Top of Input records

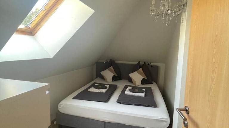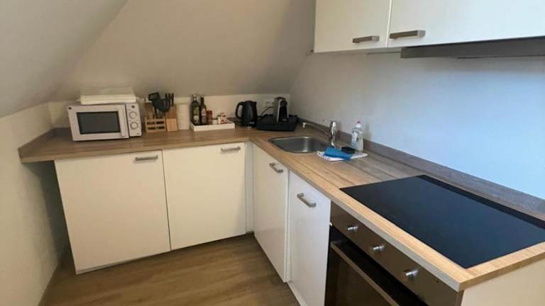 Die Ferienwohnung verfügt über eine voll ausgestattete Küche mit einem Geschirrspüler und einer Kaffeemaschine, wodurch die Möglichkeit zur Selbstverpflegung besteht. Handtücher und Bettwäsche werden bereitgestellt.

Bottom of Input records
Top of Input records

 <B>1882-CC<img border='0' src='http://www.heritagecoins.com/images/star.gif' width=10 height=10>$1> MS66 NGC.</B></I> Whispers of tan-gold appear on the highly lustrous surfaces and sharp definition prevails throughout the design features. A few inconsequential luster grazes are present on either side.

Bottom of Input records
Top of Input records

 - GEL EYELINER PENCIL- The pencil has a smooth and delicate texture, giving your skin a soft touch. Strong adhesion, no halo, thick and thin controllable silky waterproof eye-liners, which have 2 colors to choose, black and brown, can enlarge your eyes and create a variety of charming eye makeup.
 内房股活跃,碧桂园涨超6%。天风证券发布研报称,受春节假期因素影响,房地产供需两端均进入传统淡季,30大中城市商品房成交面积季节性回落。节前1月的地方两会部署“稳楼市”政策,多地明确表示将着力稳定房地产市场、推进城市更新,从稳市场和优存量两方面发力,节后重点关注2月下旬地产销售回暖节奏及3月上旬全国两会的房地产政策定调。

Bottom of Input records

§ The problem: Give back, exactly as written, the stretch from the line with "- GEL EYELINER" through the line with "内房股活跃,碧桂园涨超6%。", and no other lines from the records above.

§ Solved problem:
 - GEL EYELINER PENCIL- The pencil has a smooth and delicate texture, giving your skin a soft touch. Strong adhesion, no halo, thick and thin controllable silky waterproof eye-liners, which have 2 colors to choose, black and brown, can enlarge your eyes and create a variety of charming eye makeup.
 内房股活跃,碧桂园涨超6%。天风证券发布研报称,受春节假期因素影响,房地产供需两端均进入传统淡季,30大中城市商品房成交面积季节性回落。节前1月的地方两会部署“稳楼市”政策,多地明确表示将着力稳定房地产市场、推进城市更新,从稳市场和优存量两方面发力,节后重点关注2月下旬地产销售回暖节奏及3月上旬全国两会的房地产政策定调。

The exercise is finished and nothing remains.